### GOAL OF THE EXERCISE
From the records below, please print only the lines from the one containing "O Estilete profissional" through the one containing "드론 축구는 탄소 소재", both included. Skip the pictures.

== PROVIDED INFORMATION

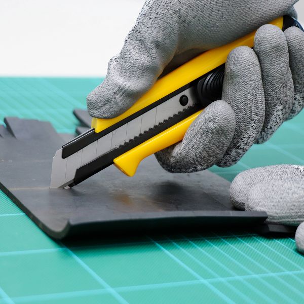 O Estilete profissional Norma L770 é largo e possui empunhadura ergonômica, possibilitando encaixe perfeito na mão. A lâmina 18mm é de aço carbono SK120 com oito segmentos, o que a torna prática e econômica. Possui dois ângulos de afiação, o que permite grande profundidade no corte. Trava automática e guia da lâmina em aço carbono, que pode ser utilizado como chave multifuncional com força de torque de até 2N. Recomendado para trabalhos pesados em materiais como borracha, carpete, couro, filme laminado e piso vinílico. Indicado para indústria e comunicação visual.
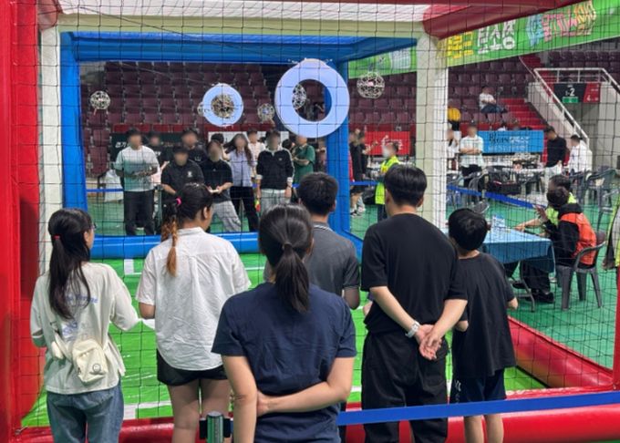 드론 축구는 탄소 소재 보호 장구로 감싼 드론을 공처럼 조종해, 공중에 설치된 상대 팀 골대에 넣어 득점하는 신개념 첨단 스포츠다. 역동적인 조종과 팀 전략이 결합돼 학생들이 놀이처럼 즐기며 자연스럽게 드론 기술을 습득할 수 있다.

====
== PROVIDED INFORMATION

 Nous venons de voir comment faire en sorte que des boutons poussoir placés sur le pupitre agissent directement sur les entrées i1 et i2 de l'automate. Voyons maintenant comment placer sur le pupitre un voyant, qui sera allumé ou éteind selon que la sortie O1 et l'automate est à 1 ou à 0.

====

### WRITTEN REPLY
 O Estilete profissional Norma L770 é largo e possui empunhadura ergonômica, possibilitando encaixe perfeito na mão. A lâmina 18mm é de aço carbono SK120 com oito segmentos, o que a torna prática e econômica. Possui dois ângulos de afiação, o que permite grande profundidade no corte. Trava automática e guia da lâmina em aço carbono, que pode ser utilizado como chave multifuncional com força de torque de até 2N. Recomendado para trabalhos pesados em materiais como borracha, carpete, couro, filme laminado e piso vinílico. Indicado para indústria e comunicação visual.
 드론 축구는 탄소 소재 보호 장구로 감싼 드론을 공처럼 조종해, 공중에 설치된 상대 팀 골대에 넣어 득점하는 신개념 첨단 스포츠다. 역동적인 조종과 팀 전략이 결합돼 학생들이 놀이처럼 즐기며 자연스럽게 드론 기술을 습득할 수 있다.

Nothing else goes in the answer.